Automatic extraction of pre-aspiration from voice segments using bi-directional RNN based method
It works as follows:
- The user provides wav files containing one (or more) obstruents, and corresponding Praat TextGrids containing some information about roughly where the pre-aspiration should be (e.g. time index within the preceding phoneme and time index within the obstruent).
- A classifier is used to find the pre-aspiration, for each coded obstruent, and output the boundaries of the pre-aspiration.
- The user can either use a pre-existing classifier, or (recommended) train a new one using a manually-labeled pre-aspirations from their own data.
The code to clone AutoPreaspiration is:
$ git clone https://github.com/Yanivs24/BiRNN_AutoPreaspiration.git
Alternatively, you can download the current version of AutoPreaspiration as a zip file, just press "Clone or download" -> "Download ZIP"
First, navigate to the project root directory.

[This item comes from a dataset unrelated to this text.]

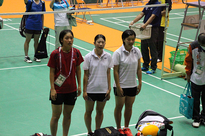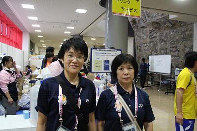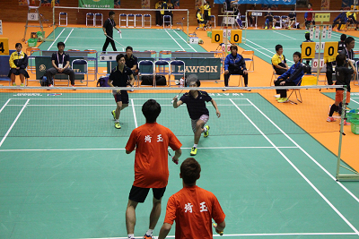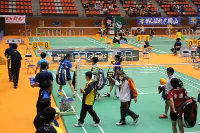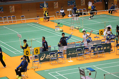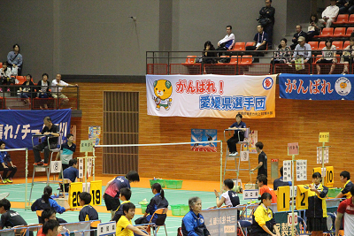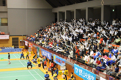 | 『がんばれ愛媛県選手団』という横断幕が掲げられ、その下で西野選手ががんばり21-13,21-12で川端選手(埼玉)を破り、1−1のタイに持ち込む。 |

In order to work with a new data, the wav files should be converted to 16kHz mono. This can be done by typing (A prerequisite for this script is installing SoX utility):
$ python scripts/format_wav_files.py DIRECTORY_PATH
When 'DIRECTORY_PATH' is the path of the directory containing the data (wav&TextGrids) This will place all the formatted wav files and the corresponding TextGrids in: DIRECTORY_PATH/formated
Now, the examples should be filtered using:
$ python scripts/filter_examples.py DIRECTORY_PATH/formated/
This script is responsible for two things:
- Deletes all the examples without a 'pre' mark in their last tier in the TextGrid file, or with 'pre' mark but without windows big enough for the algorithm.
- If the last tier containing 'pre', it changes its name to 'bell' for uniformity.
The bash scripits in the directory 'run/' wraps the logic of the project with a vey simple user interface.
To train a model using all the files (wav and corresponding TextGrid) in a directory type:
$ run/train_dir.sh DIRECTORY_PATH
For example:
$ run/train_dir.sh data/abe24_abe18_plosives/formated/
To decode all the examples in a directory using a pre-trained model type:
$ run/decode_dir.sh DIRECTORY_PATH
Note: This can be used only after training a model
To extract features from files in a directory, randomly splitting them into training set and test set use:
$ run/extract_features.sh DATA_PATH SIZE_OF_TRAIN_SET SIZE_OF_TEST_SET
SIZE_OF_TRAIN_SET is the number of examples to be used as a training set (type 'all' for all the examples in the directory)
SIZE_OF_TEST_SET is the number of examples to be used as a test set (type 'all' for all the examples in the directory)
Now, after extracting features, we can simply train a new model using the extracted training set:
$ run/train_after_fe.sh
And we can test the performance of the new model on the extracted test set using:
$ run/decode_after_fe.sh